Глава 28,
в которой Олег наблюдает редкое атмосферное явление
– Весь день вертимся, – пробурчал Шурик, – как уж на сковородке. Угу…
– Ты пушки давай заряжай, вертун! Ёш-моё…
«Аль-Кахира», почти потопившая пинас «Хамекон», вынуждена была перенести огонь своих орудий на флейты «Галлард» и «Бьенвеню», подбиравшиеся ближе к пиратскому фыркате.
С другой стороны кружил фрегат «Лежер». Ну, фрегатто он фрегат, конечно, однако пушек на нем было меньше, чем на «Ретвизане». Стало быть, тоже «малышня».
Тут «Лежер» расцветился флажками, оповещая своих о начале атаки.
– Бастиан! Поднять два красных – мы готовы! Поворот!
Флейт, кренясь и скрипя своими деревянными членами, развернулся носом к северу.
Погода разгулялась – ветер дул такой силы, что снасти гудели внатяг.
– А шторм неслабый идет! – крикнул Пончик. – Угу…
– Ёш-моё! Ты еще здесь? А пушки кто заряжать будет?
– Да зарядили давно! Сам бы не терся на мостике, а осваивал бы лучше моряцкую науку. …
– Цыц оба!
Рой из фрегата и трех флейтов кружил вокруг «Аль-Кахиры» – корабли словно хоровод водили.
Пройдя вдоль борта фыркате на приличном расстоянии, «Ретвизан» сблизился с ним у кормы – и разрядил три орудия, метясь в руль. И еще три…
«Аль-Кахира» принялась неуклюже разворачиваться, дабы накрыть наглеца бортовым залпом, и этим тотчас же воспользовался «Лежер», сам оказываясь в мертвой зоне, – пять или шесть его орудий изувечили «Аль-Кахире» нос.
Гальюн – в щепки, блинда-рей и вовсе в море.
Берберы ответили из погонных, но поторопились – ядра просвистели по-над палубой «Лежера».

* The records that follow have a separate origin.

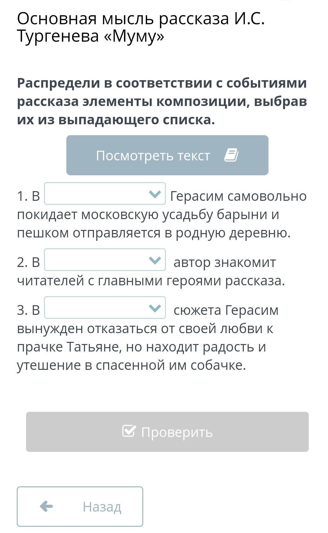 Основная мысль рассказа И.С. Тургенева «Муму» Распредели в соответствии с событиями рассказа элементы композиции, выбрав их из выпадающего списка. Посмотреть текст 1. В Герасим самовольно покидает московскую усадьбу барыни и пешком отправляется в родную деревню. 2. В автор знакомит читателей с главными героями рассказа. 3. В сюжета Герасим вынужден отказаться от своей любви к прачке Татьяне, но находит радость и утешение в спасенной им собачке. Назад Проверить
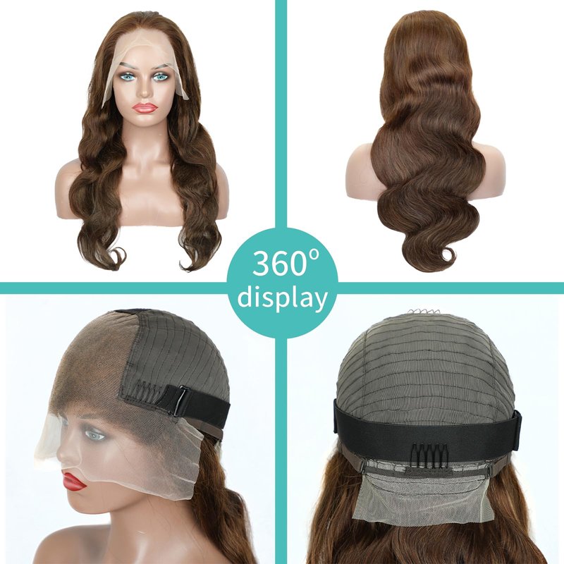 - 【Brown Body Wave Human Hair Wigs Quality】:13x6 Brown body wave lace front wigs human hair,180% density glueless wigs human hair pre plucked with natural hairline ,realistic looking ,true to length, 22-32 inches available,fuller and thicker.upgrade swiss lace suitable for all skin colors,breathable and durable ,lace material make it more comfortable.lightly bleached knots with baby hair around to give you a natural looking.
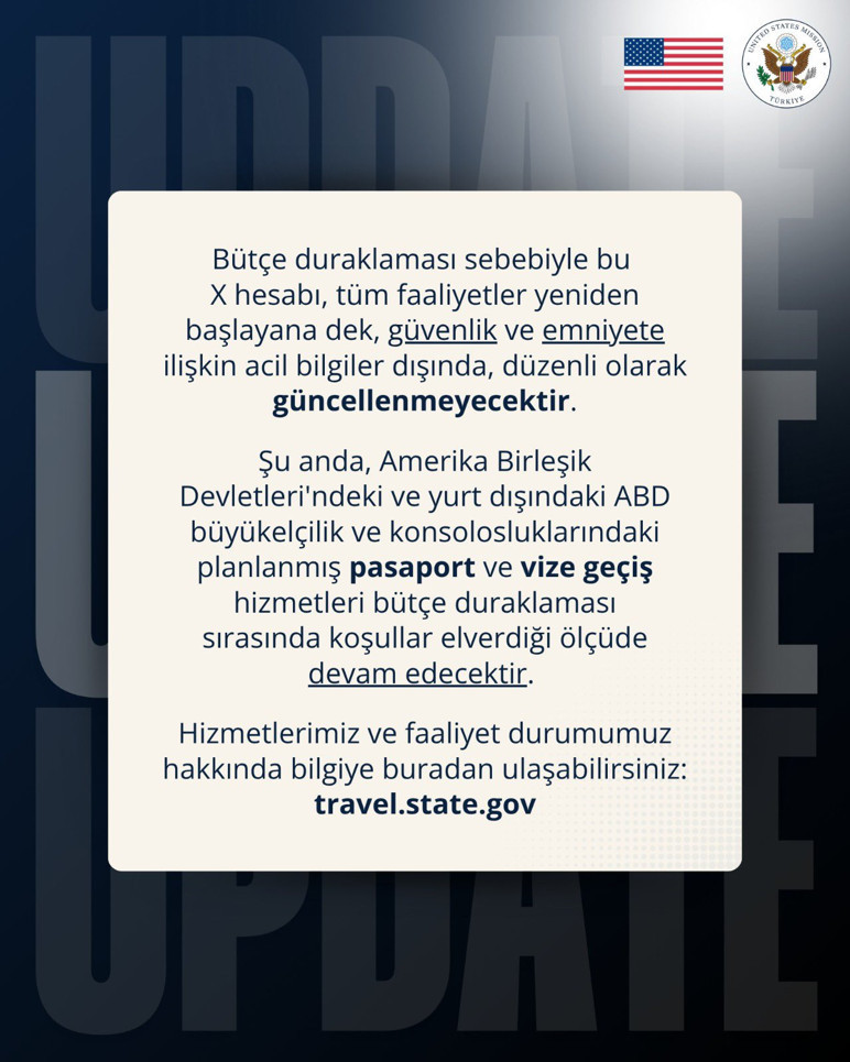 Açıklama, Washington’da federal hükümetin bütçe konusunda yaşadığı kilitlenmenin ardından geldi. ABD’de bütçe anlaşmazlıkları hükümet faaliyetlerini doğrudan etkilerken, yurt dışındaki diplomatik misyonların da operasyonlarını kısıtlamasına yol açabiliyor.
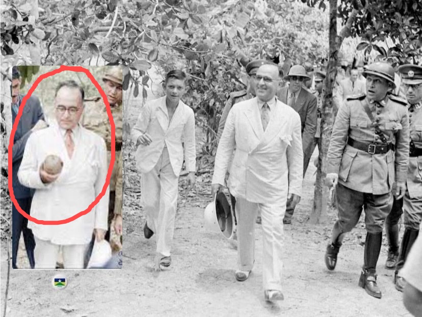 O garoto (ao lado do presidente Getúlio Vargas), filho de um sitiante, ciceroneou e apresentou o sítio, nas proximidades, hoje, da Embrapa, onde Getúlio tomou café, a 12 de outubro de 1940, ocasião em que Vargas improvisou Hamlet ao ver um ouriço de castanha. Conforme o historiador Esron Menezes, testemunha dos encontros, Getúlio ouviu o governador do Território do Acre, Epaminondas Martins, sugerir ser criado um Território Federal com partes dos estados de Mato Grosso e Amazonas, e a capital em Porto Velho, então município amazonense. A proposta foi feita, a pedido de Aluízio Pinheiro, diretor-geral da Estrada de Ferro Madeira-Mamoré, pelo governador acreano. Em 1943 Getúlio criaria o Território do Guaporé, conforme o pedido. (F. acervo Esron Menezes doadas a Lúcio Albuquerque)
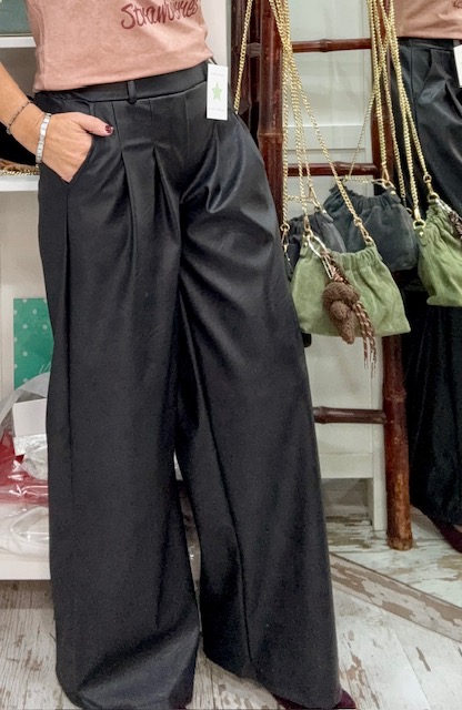 Pantalón en cuero vegano, color negro, con pinzas y bolsillos. Cinturón marrón incorporado.

Тут сказалось направление ветра: пока кружение шло на север, всё было хорошо, но как только «малыши» устремлялись к югу, их ход замедлялся.

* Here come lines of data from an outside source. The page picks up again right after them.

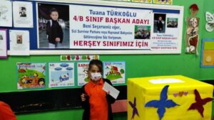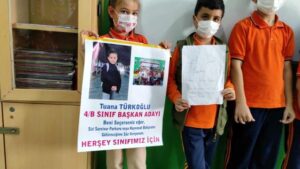 Salgın sebebiyle aylardır kapalı olan okullar, yüz yüze eğitimin başlamasıyla ile birlikte güzel görüntülere sahne olmaya başladı. Esenler Cumhuriyet İlkokulu’nda da tam bir demokrasi şöleni vardı. Okulun 4-B sınıfı sınıf başkanını seçmek için bir kampanya başlattı. Başkanlık için 5’i kız, 4’ü de erkek toplam 9 aday öğrenci kıyasıya yarıştı. Öğrenciler arkadaşlarının oylarını alabilmek için yorucu bir seçim kampanyası yürüttü. Hazırladıkları afiş ve broşürlerle siyasilere taş çıkaran minikler, seçim günü geldiğinde son kez sınıfta arkadaşlarının yüzüne başkan seçildiklerinde yapacaklarını anlattı. Başkan adayları, sınıfın temizliğinden arkadaşlarını Fenerbahçe Stadı’na, hayvanat bahçesine götürmeye, derslerine yardımcı olmadan İstanbul’u gezdirmeye kadar bir dizi vaatlerde bulundu.
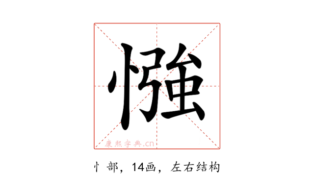 〔𢠌〕字是多音字,拼音是(qiáng、xián),部首是忄部,总笔画是14画。
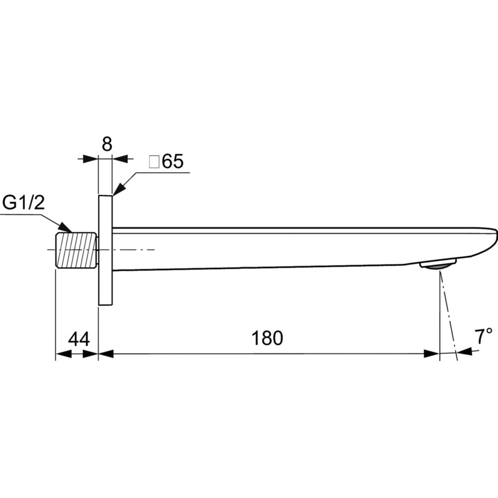 Wylewka długości 180 mm. Metalowa chromowana rozeta 65x65 mm z logo Ideal Standard. Aerator M24x1. Podłączenie G1/4.
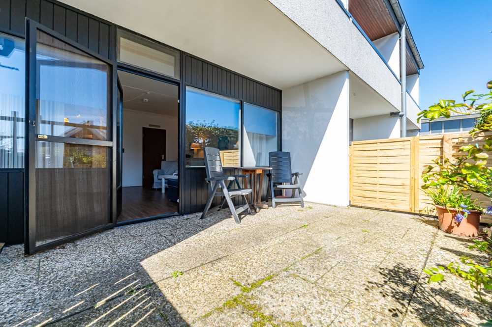 Man betritt diese Wohnung über einen Flur, in dem sich ein Einbauschrank und die neuwertige Küchenzeile befinden. Des Weiteren existiert ein modernes Duschbad-WC sowie der helle Wohn- und Essbereich mit einer geschützten Terrasse. Ein kleiner, abgeschlossener Schlafraum rundet diese Einheit ab. Gemeinschaftswaschmaschine und Trockner im Haus. Ein Kellerabstellraum gehört zu dieser Wohnung, sowie auch ein KFZ-Stellplatz. Ein eigenes Grundbuchblatt ist vorhanden. Diese ebenerdige 1,5-Zimmer-Wohnung bietet ca. 45 m² Wohn-/Nutzfläche. Ideal als Zweitwohnsitz.

Этим и воспользовались пираты, подловив «Бьенвеню», – флейт проходил в опасной близости к фыркате.
Правда, капитан флейта сделал попытку развернуться кормой к «Аль-Кахире», но он явно не поспевал – пираты ударили по «Бьенвеню» из орудий всего борта.
Флейту пришлось туго – тяжелые ядра подрубили фок-мачту, наделали дыр в бортах, в том числе над самой ватерлинией, и разгулявшиеся волны сразу стали захлестывать в пробоину.
– Лево руля! – заорал Сухов.
«Аль-Кахира», дав залп, перестала быть опасной с правого борта, и Олег поспешил воспользоваться этим обстоятельством.
– Залп лагом! Огонь!
Пушки по левому борту «Ретвизана» загрохотали вразнобой.
Флейт ушел вперед, а его место занял «Галлард» и тоже опустошил стволы своих орудий, отослав по фыркате добрую дюжину восьмифунтовых ядер.
Третьим в расстреле поучаствовал «Лежер». Попал.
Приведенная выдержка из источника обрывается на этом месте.